It could be that every time you calibrate a device, and save the settings, it may deviate from the "true value". I deal with scientific research machines and devices which cost at least 30x the mavic and this is one issue we face with constant calibration. That once "calibrated" it overwrites the previous calibration file. So if the new calibration was done incorrectly, and we save it, now we have deviated from what it's true value is meant to be. The more times this error occurs, the values would already be completely destroyed and would have deviated from what it is meant to be. Haha hope that makes sense

Yeah, but what about convergence towards the mean?
 
Based on what evidence?
Let me rephrase. I believe it has the potential to cause more problems based on DJI s lack of emphasis on the procedure, combined with the multiple testimonies of people who have never, combined with the almost certain negative results of a bad calibration.
 
Yeah, but what about convergence towards the mean?

If there is error calibration and it deviates farther from the true value, your mean value would have definitely drifted away from what the true value would actually be. So is it calibrated? Yes but is the calibration out of whack? Yes. That's why dji should come up with something like a validation sequence which requires you to have maybe 50 calibrations at a go in order to get, as you have mentioned a convergence towards the true mean.
 
Even if not required it is a good rule to calibrate every time you move more than 100 km away from where you have previously calibrated, especially if you move perpendicularly across the magnetic declination lines.
Magnetic declination - Wikipedia
The compass calibration does not determine the geomagnetic declination. In fact, it can not determine the geomagnetic declination. If it were determined during the compass calibration then a required step would be to precisely point the AC true north and then tell the AC. In effect, you'd have to tell the AC what the declination is.

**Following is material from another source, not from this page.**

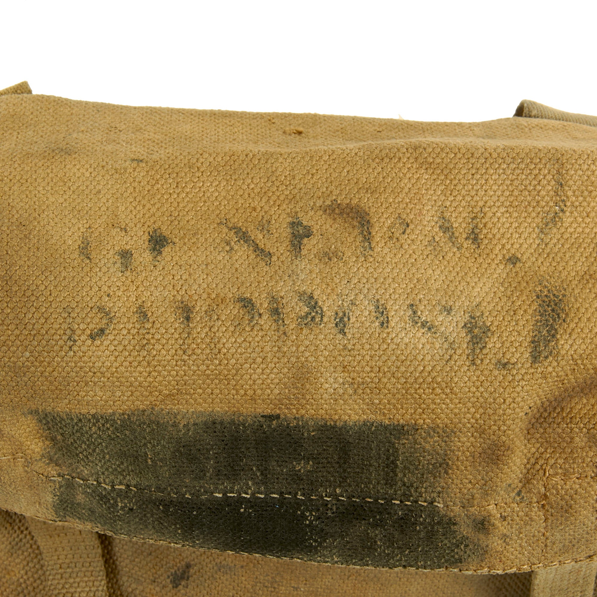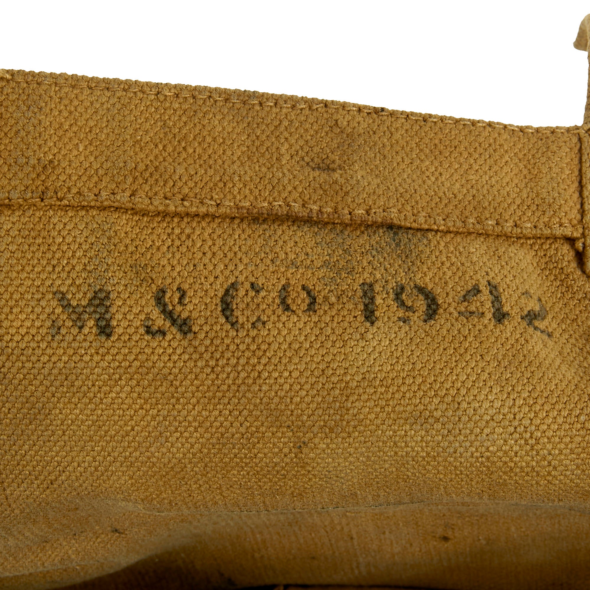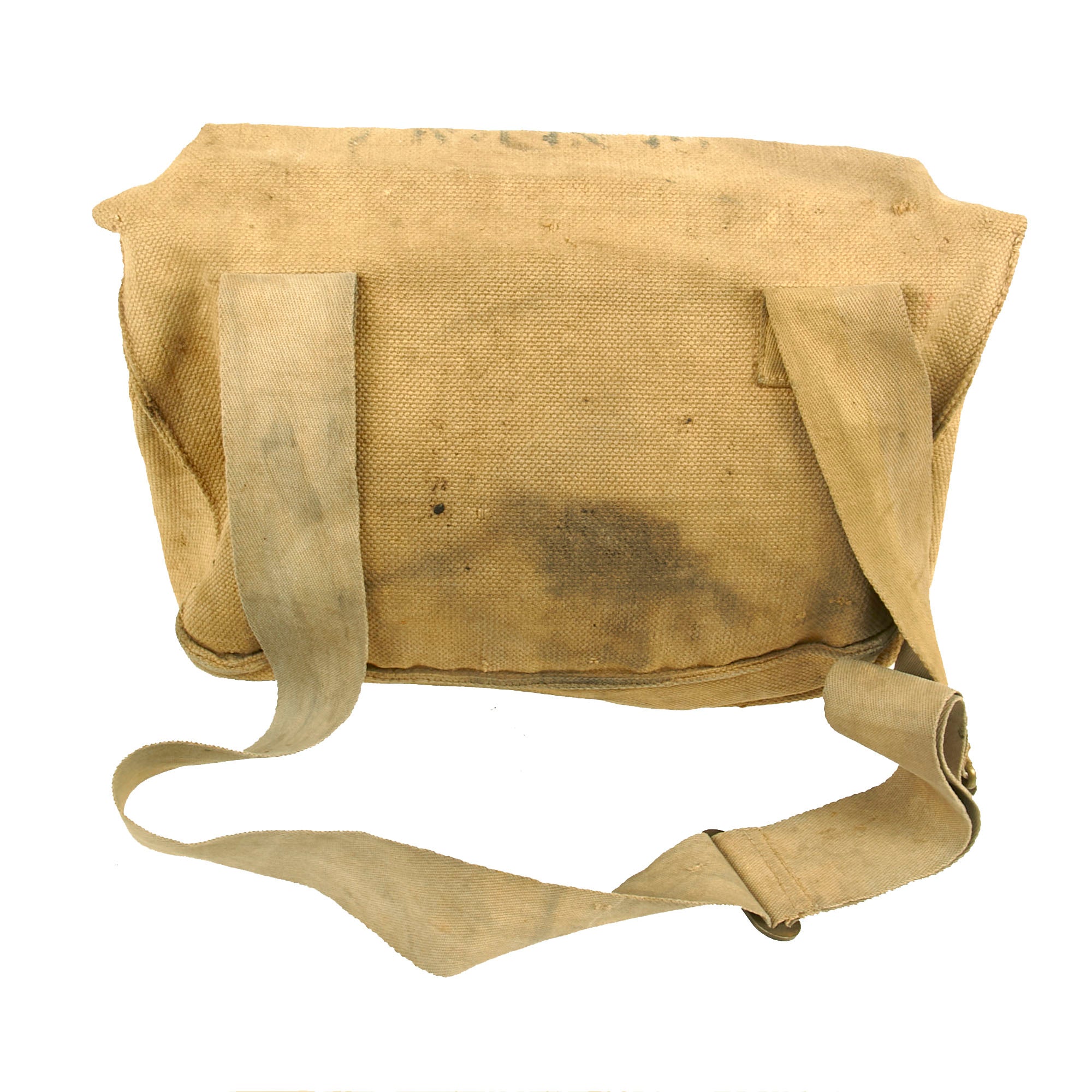 Original Item: Only One Available. This is a great British WWII Pattern 1937 (P-37) Medic's Shoulder Bag, which looks to have certainly seen use during the war. The bag measures about 12"W x 10"W x 3", though as it is flattened it is hard to get an accurate measurement. It is made of the correct P-37 Khaki Canvas, and uses the standard strap through buckle closure for the lid. The shoulder strap is made of somewhat finer canvas.

The geomagnetic declination is determined from the GPS coordinates.
 
This topic has been discussed numerous times before. Why don't you people do some search in the forum and find the answers you need before starting a new thread?

As for the above posters, I'm traveling thousands of miles across the globe frequently and have always flown with no issues, despite never calibrating once and using both manual and RTH or intelligent flight modes. This is enough evidence for me to believe that the Mavic does not need a fresh calibration unless genuinely prompted.
 
I have never calibrated my Mavic and have flown it in different places in Canada and Sweden without problems. I allways do deliberate RTH flights.